By Natalie Smith ; Updated June 13, 2017

When you were a child, you may have eagerly anticipated having a loose tooth. Loosing your baby teeth was both a rite of passage and a way to make some spending money from the tooth fairy. Now that you have children, you might have heard that pulling baby teeth is not always a good idea. Dentists now advocate that you leave teeth alone until they are ready to fall out naturally.
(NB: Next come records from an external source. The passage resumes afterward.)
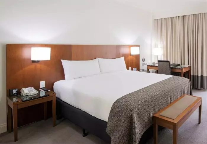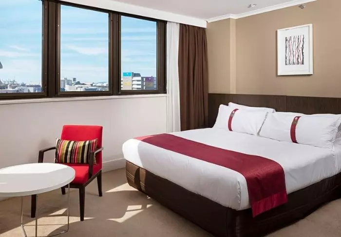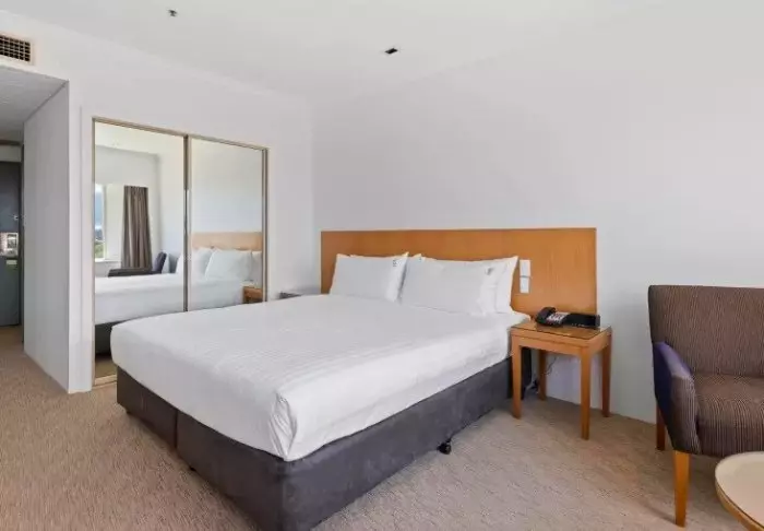 Holiday Inn heeft 226 kamers met kamerhoge ramen, die veel licht naar binnen laten schijnen. Alle kamers hebben airco, kluisje, strijkbout en strijkplank, thee- en koffiefaciliteiten, mini-koelkast, flatscreen-tv en gratis wifi. Het is niet zo gebruikelijk in Australië, maar bij dit hotel is het ontbijt in de prijs inbegrepen!
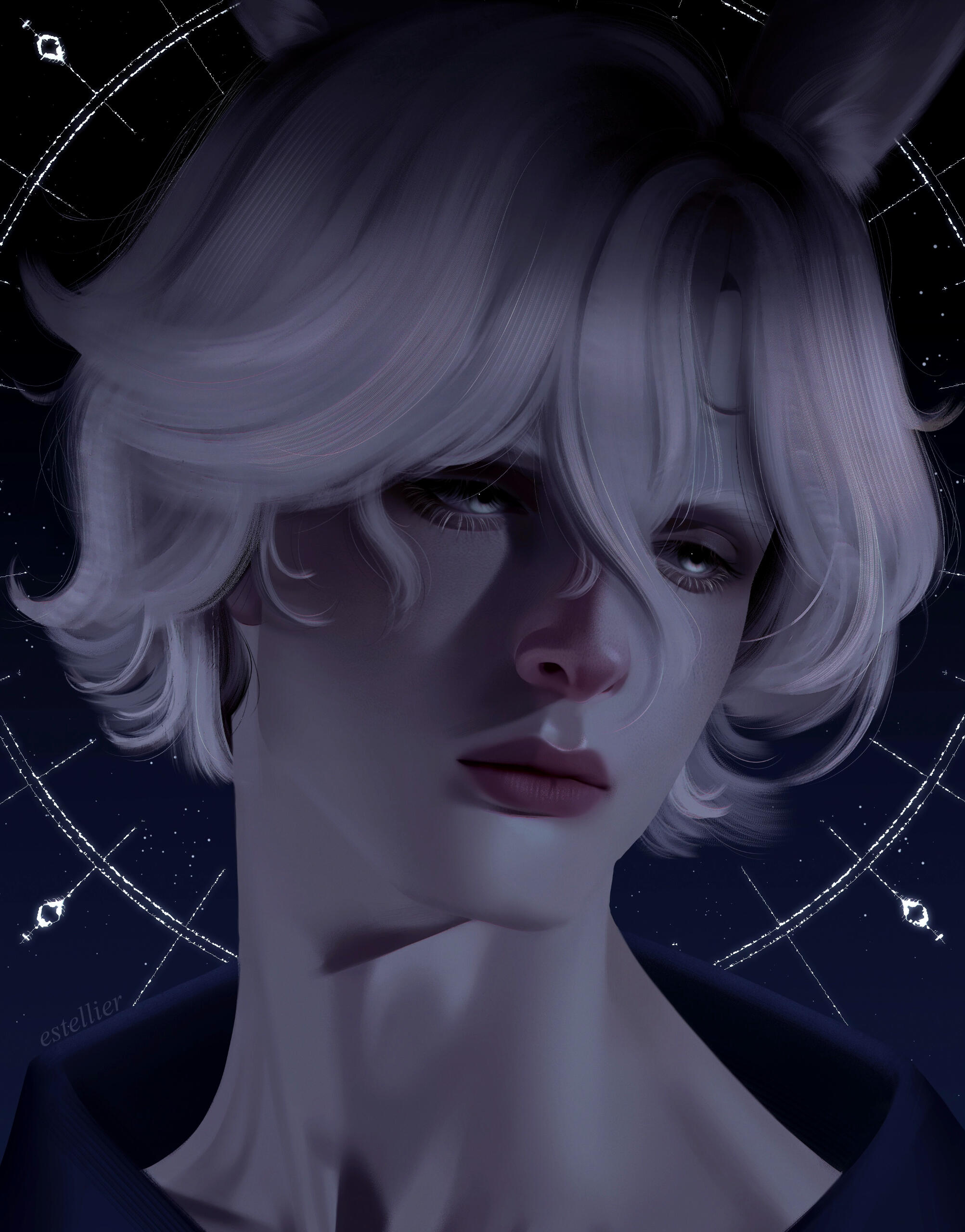 Rensen's looks are indisputably Veena with his silvery hair and pale skin. Much like those hailing from the Lomen tribe, he is virtually invisible when stood amongst a snowy backdrop. This proves to be advantageous during hunts, as most animals—and people—don't see him coming until he's already ambushed them. He prefers colder climates for this reason, and because it reminds him of his homeland.Messy hair rests upon his forehead. Rensen cares little for keeping a conventional appearance as the concept of various social expectations fail to make sense to him, nor does it generally impact his daily life anyways. Most of his wardrobe consists of light cloths, preferring to be light on his feet incase he needs to start a chase or flee.While almost always covered, scars litter Rensen's body, especially his chest. If asked about them, he'll remain quiet, unwilling to share their history.
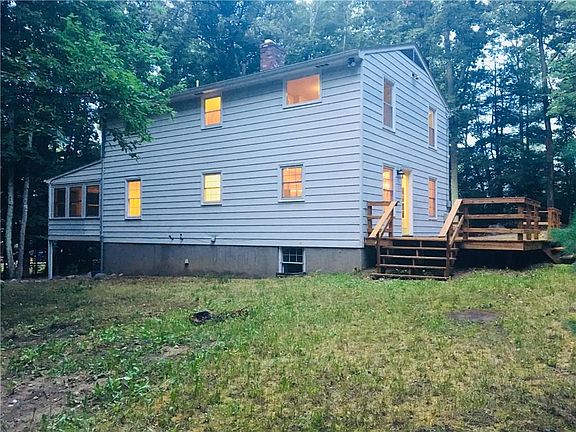Nature abounds; feel like you are living in the deep woods yet close to all amenities. Beautiful hardwoods on entire first floor just refinished, new carpet 2nd floor, Master bedroom has California Closets and beautiful stone/glass shower; interior of house freshly painted; some new doors and hardware, new interior/exterior lighting, updated bathrooms (floors vanities, fixtures, paint). All windows are new/newer. Huge 4 season sunroom with windows galore!! Finished room in basement with brick fireplace; great recreation room. New 3 bed septic system to be completed by early Sept. Exterior deck just powerwashed and stained for many years of enjoyment. Just pack your bags. Place is move in ready!
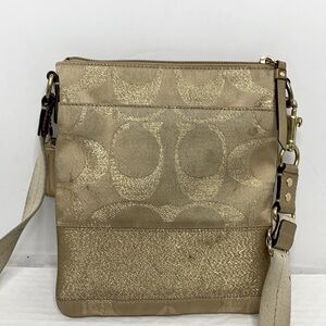 Coach Swingpack Stud Lurex Gold Jacquard Cross Body Bag style 46841. This is limited edition coach gold stud lurex swingpack crossbody bag, gold tone signature fabric,with shimmering metallic C's. Strap in a light cream color with leather shoulder pad for comfort. There are two open pockets front and back. interior lined in purple sateen, top zip closure gold leather trim and hangtag. This bag in EUC, beautiful bag with no stains, rips or tears. Adjustable strap 25”
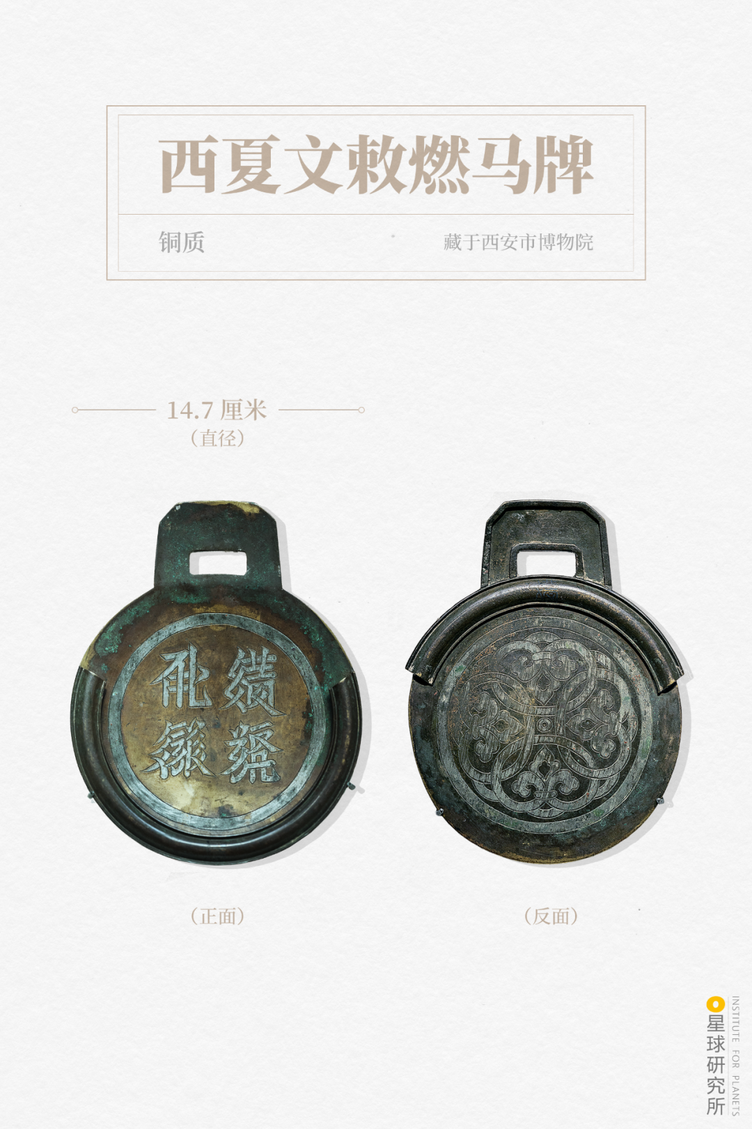 (上文战争年份数据出自《西夏战史》的西夏战事年表,下图为西夏文敕燃马牌,“敕燃马牌”意为“敕令驿马昼夜急驶”,是紧急文书、命令等公文传递通行的标识物,常用于军队中十万火急的军令传达,摄影师@柳叶氘,制图@汉青/星球研究所)
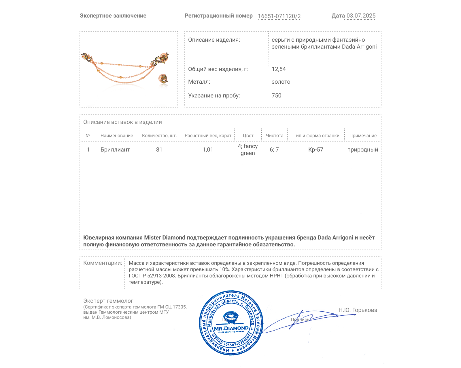 Представляем вашему вниманию оригинальные золотые серьги с фантазийными зелеными бриллиантами 1.01ct от всемирно известного бренда Dada Arrigoni.
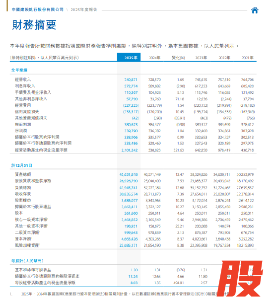 3月27日金融一线消息,建设银行公告,2025年实现经营收入7408.71亿元,增幅1.69%;净利息收入降幅逐季收窄,非利息收入占比提升3.65个百分点,手续费及佣金净收入增幅5.13%;盈利表现逐季向好,净利润3397.90亿元,增幅1.04%;归母净利润3389.06亿元,增幅0.99%;拨备前利润5139.82亿元、增幅1.70%。
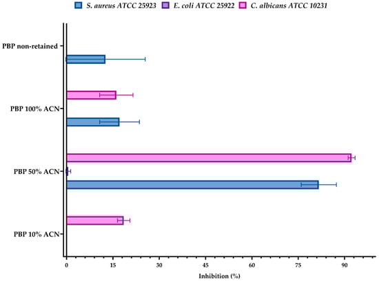 Antimicrobial activity of chromatographic fractions obtained from Paralonchurus brasiliensis Protamex hydrolysate (PBP) following RP–HPLC separation. Fractions included the non-retained fraction and those eluted with 10%, 50%, and 100% acetonitrile (ACN). Assays were performed against Staphylococcus aureus ATCC 25923, Escherichia coli ATCC 25922, and Candida albicans ATCC 10231 in duplicate (n = 2), following the general principles of CLSI guidelines [11,12]. Results are expressed as mean percentage inhibition ± standard deviation (SD). Raw antimicrobial inhibition data for each fraction are available in the Supplementary Materials (SM45–46).
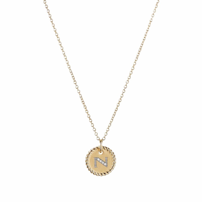 18-karat yellow gold Pav diamonds, 0.01 total carat weight Pendant, 10mm diameter Adjustable chain, 16-18″ long 18 IN
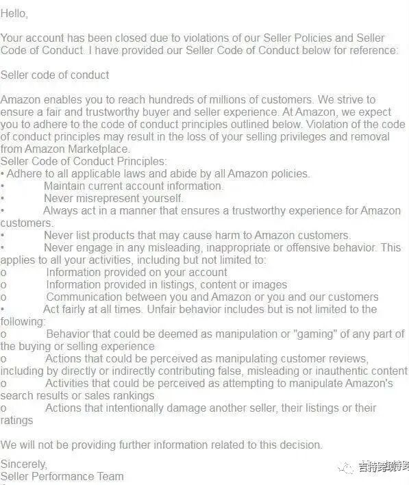 我们之前有做过一篇关于违反卖家行为准则的案例分析,里面对于卖家行为准则做了详细讲解,感兴趣的朋友可以看一下:
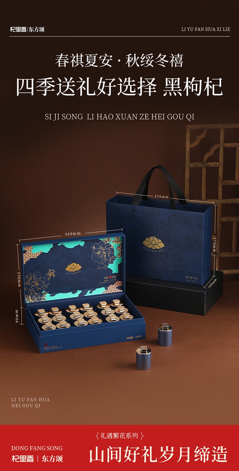 配置清单:大果黑枸杞礼盒300g*1盒+礼袋*1
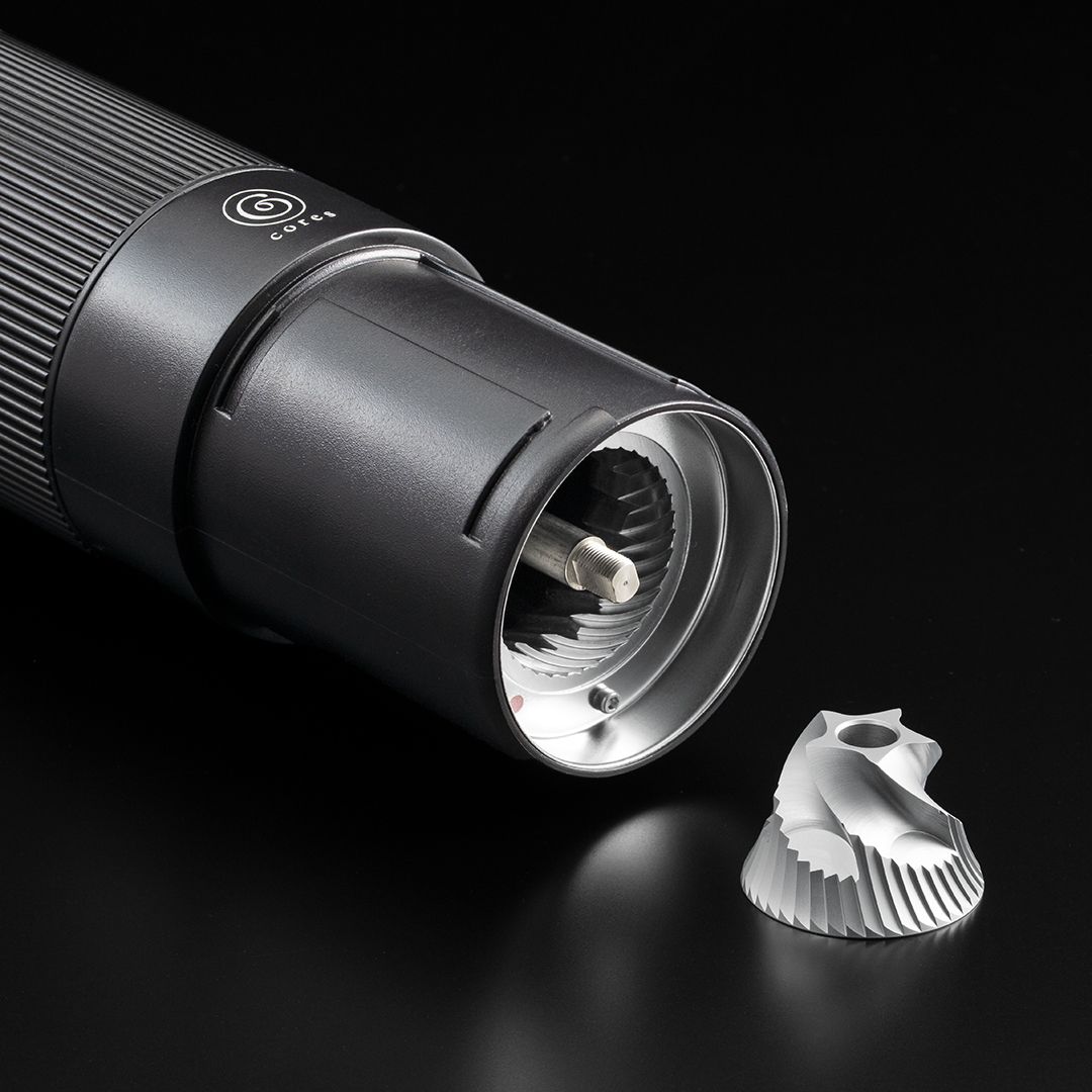 刃の形状は、粒度が均一かつ粒子形状がドリップに最適な粉に仕上がるコーン(コニカル)式を採用している。フレンチプレス向きの粗挽きからエスプレッソに最適な極細挽きまで、幅広い挽き目調整が可能。コンパクトな本体ながら、一度に25g(2〜3人分)を挽くことができるのも嬉しいところだ。
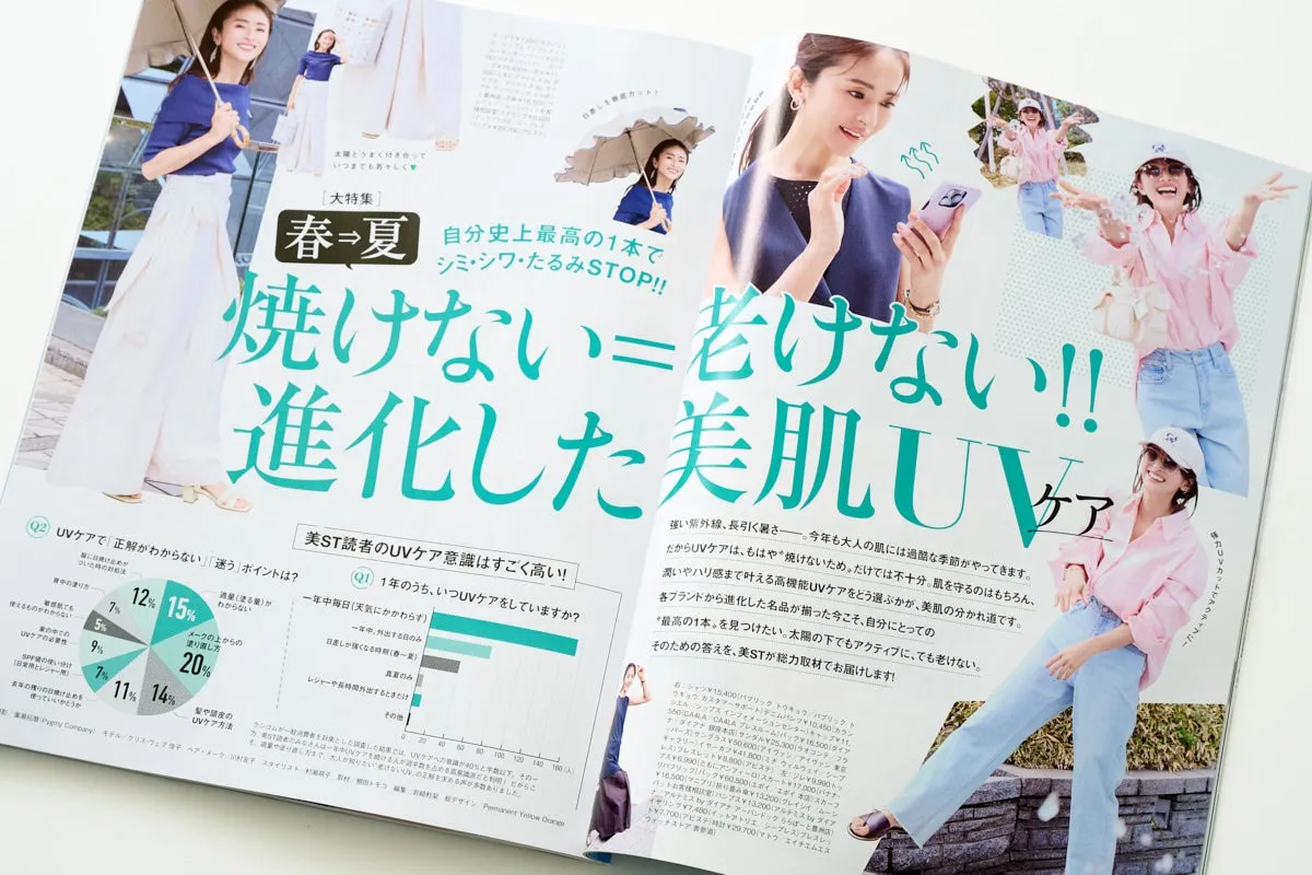 これらの意識や悩みに応えるべく、現在発売中の『美ST』6月号では「焼けない=老けない!進化した美肌UVケア」というテーマで大特集を組んでいます。今年の強い紫外線と長引く暑さに耐えうる、自分にぴったりのUVケア製品を見つけるための情報が盛り込まれています。多くのブランドから効果的なUV製品が登場している今、自分に合ったアイテムを見つけ出すためのヒントが詰まっています。

Reasons to Leave Baby Teeth

Baby teeth aren't just disposable teeth that can be extracted whenever they are loose. These teeth are important for many reasons. Baby teeth help your child chew and help her develop proper speech. Most importantly, your child's baby teeth are replaced with the corresponding adult teeth. A loose tooth is not necessarily ready to come out yet. If you pull a tooth too soon, the adult tooth may not be ready to come in yet, and the other existing teeth might slide into the spot. This can cause the permanent teeth not to come in correctly.

When to Extract

When a tooth is hanging by a thread or is so loose that you fear that your child might swallow it during eating, it is generally safe to extract. You can extract the tooth on your own. If the tooth is very rotten, a dentist might elect to extract it or to fill it or cap it with a crown. Do not try to extract a rotten tooth by yourself as it might break apart or be abscessed and need additional attention.

How to Extract

Letting your child wiggle the tooth out might save energy and grief. He may resist your efforts to remove the tooth because of the pain, and letting him do it will reduce the stress and pain he will experience. Have your child wiggle the tooth with his clean fingers or tongue, or gently wiggle it with your fingers until it comes out. Hold clean gauze on the open hole until the bleeding stops.

When to Consult a Dentist

When a permanent tooth is erupting before its corresponding baby tooth is loose enough to come out, consult a dentist. The dentist may decide to extract the baby tooth to make room for the permanent tooth, or she may leave it if pulling the baby tooth won't alleviate the crowding. If the baby tooth is rotten, broken or damaged, let the dentist remove it or treat it rather than remove it yourself. If the tooth is abscessed or if your child is experiencing problems with his gums, consult a dentist.